Видимо, я это выкрикнул. Бармен посмотрел на меня неодобрительно. Да пошел он. Я глянул на брата и без особой охоты начал рассказывать. Он хмурился и крутил кружку с пивом на столе, но не пил.
– Ты что-то принимаешь? – спросил он наконец.
– В смысле… – Я правда не сразу понял, что он имеет в виду; подумал про успокоительное сначала, про антидепрессанты, потом сообразил и разозлился: – Блин, Кирилл! Если бы я сидел на какой-то наркоте, если бы это был какой-то наркотрип, да, блин, какой тогда смысл мне спрашивать, что со мной?! Но конечно, Илья у нас просто наркоман!
Я вскочил, Кирилл хотел было меня задержать, но я пошел взять себе еще пива и ром с колой вдогонку.
Когда я вернулся, брат что-то бормотал, пытался меня успокоить, хотя сам ничего не понимал. Он не хотел, чтобы я возвращался. Он не говорил открыто, но я это чувствовал. Я все больше пьянел и ненавидел его.
– Я просто хочу вернуться на старую квартиру, – произнес я.

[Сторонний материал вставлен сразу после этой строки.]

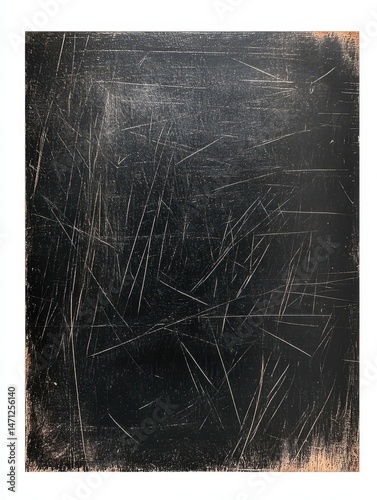 Abstract close-up of scratched black surface showing linear marks and texture in a studio setting, dark mood

– Ну на фига? – после паузы, с проскользнувшей мукой в голосе, спросил он. – Поехали к нам, в Туле хоть цивилизация, тебе же крупные города нравятся.
– У тебя там полный дом детей, куда мне там?
– Придумаем что-нибудь.
– А мама живет одна в трехкомнатной квартире.
– Ну и зачем ей мешать?
– То есть я ей мешаю?
– Слушай, я не знаю, что там у вас, но ты же сам все понимаешь…
– То есть мама не хочет меня видеть? То есть я не могу вернуться домой?!
Кирилл тяжело вздохнул.
– Все из-за этого, да? Потому что мама тебя не любит? Ты же большой, блин, парень…
Наверное, он решил, что я все выдумал, так же проще – маленький капризный Илья, я обматерил его и ушел. Нашел другой бар и продолжил напиваться там. Я ни с кем не заговаривал, не обращал внимания на улыбки девушек. Народу прибавлялось, шум голосов начинал раздражать, и я шел искать следующую забегаловку. Темнело. Потом перед самым закрытием я сел в метро.
Станция «Площадь Подбельского», последняя, в вагоне нас оставалось двое, в соседнем еще один, старик, все какие-то потерянные. Двери раскрылись, люди вышли, спеша наружу, в ночь. Впереди звучали их гулкие шаги, я оглянулся – пустая серая мраморная станция с рядами колонн, тьма в тоннеле справа. Я пошел к выходу, пошел быстрее, потом захотелось бежать. За спиной эхом прокатился злобный хихикающий смех.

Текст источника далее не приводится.